MMG acquires Khoemacau in a transaction valued at P23Bn

9th April 2024

MMG Limited, the Hong Kong-based mining company specializing in base metals, has successfully concluded the acquisition of Khoemacau Copper Mine, a state-of-the-art, world-class copper asset nestled in the northwest of Botswana.

On Monday, MMG announced that the acquisition of Khoemacau Mine in Botswana was finalized on 22nd March 2024. “This acquisition enriches the company’s portfolio with a top-tier, transformative growth project and signifies a monumental milestone in the Company’s journey,” MMG communicated in an official statement published on the Hong Kong Stock Exchange.

Upon completion of the acquisition, MMG remitted to the Sellers an Aggregate Consideration of approximately US$1,734,657,000 (over P23 billion), a sum subject to potential adjustments post-Completion.

In addition to the Aggregate Consideration, MMG, in accordance with the Agreement, advanced an aggregate amount of approximately US$348,580,000 (over P4.5 billion) as the Aggregate Debt Settlement Amount, to settle certain debt balances of the Target Group (Cuprous Capital/Khoemacau).
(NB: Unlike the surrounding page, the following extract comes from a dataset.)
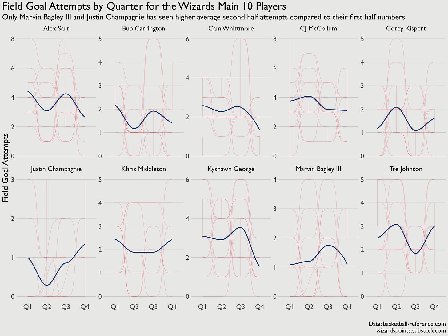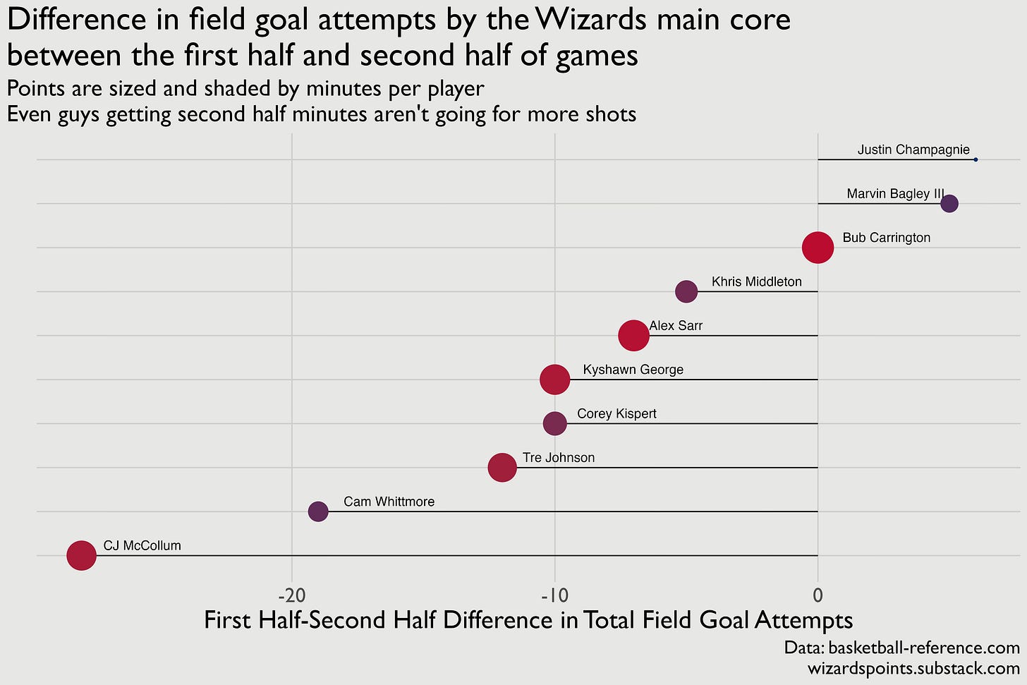 It is true that attempts aren’t everything. Kyshawn George, Khris Middleton, and Bub actually have seen their average field goal percentage (i.e., how many shots they make as a percentage of how many they take) increase in the second half of games so far, but that’s partly because they’re taking fewer shots. And yeah, there’s plenty of reason to be a little choosier with shot selection at times, but I would say the 1-11 Wizards are not in those times.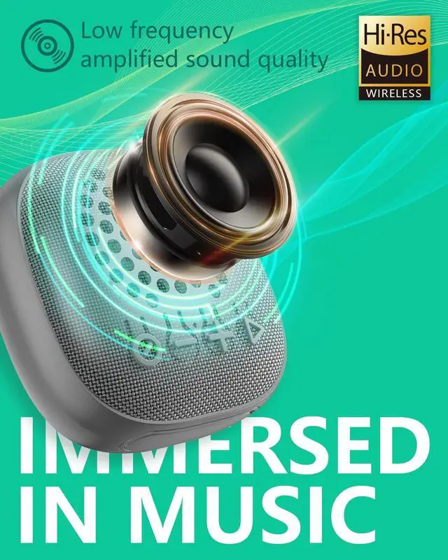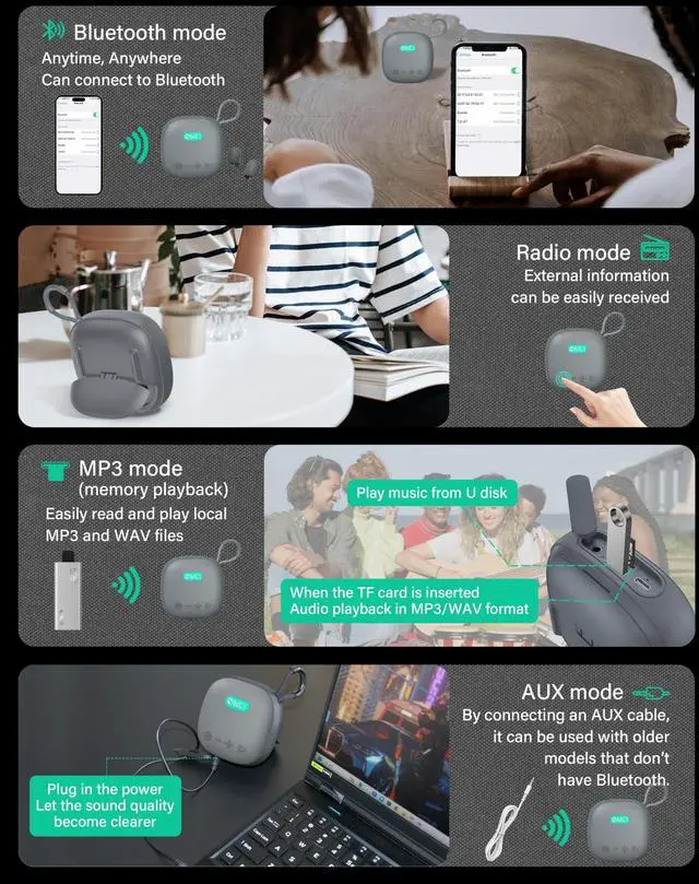 , and MP3 mode ( TF card/U disk memory playback ). Earbuds have music and gaming modes for optimized audio quality and low latency. ^^ Powerful Hi-Res Sound Quality Speaker features a bass amplifier for rich lows, while earbuds have large drivers and balanced EQ tuning for immersive audio. ^^ Stylish Aesthetics Elegant fabric exterior complemented by silicone edging offers a comfortable grip and sophisticated look. The buttons are simple to operate.

On November 21, 2023, Khoemacau announced that the shareholders of its parent company [Cuprous Capital] had agreed to sell 100% of their interests to MMG Limited.

MMG is a global resources company that mines, explores, and develops copper and other base metals projects on four continents. The company is headquartered in Melbourne, Australia, and has a significant shareholder, China Minmetals Corporation, which is China’s largest metals and minerals group owned by the Government of the People’s Republic of China.

On December 22, 2023, Khoemacau Copper Mining (Pty) Ltd received the approval from the Minister of Minerals and Energy of Botswana regarding the transfer of a controlling interest in the Project Licenses and Prospecting Licenses associated with the Khoemacau Copper Mine, a result of the Acquisition.

 

The Botswana Competition & Consumer Authority (CCA) on January 29, 2024, notified the market that it had given its approval for the takeover of Khoemacau Copper Mining by MMG Limited.

On January 29, 2024, the CCA issued a merger decision to the market, stating that after conducting all necessary assessments, it was ready to proceed.

The Competition Authority affirmed that the structure of the relevant market would not significantly change upon implementation of the proposed merger as the proposed transaction is not likely to result in a substantial lessening of competition, nor endanger the continuity of service in the market of mining of copper and silver ores and the production, and sale or supply of copper concentrate in Botswana.

Furthermore, the CCA stated that the proposed merger would not have any negative impact on public interest matters in Botswana as per the provisions of section 52(2) of the Competition Act 2018.

Earlier this month, Minister of Minerals & Energy, Lefoko Maxwell Moagi, informed parliament that his Ministry was endorsing the Khoemacau acquisition by MMG Limited. He noted that not only was the company acquiring the existing operation but also committing to an expansion program that would cost over $700 million to double production, create more jobs for Batswana, and increase taxes and royalties paid to the Government.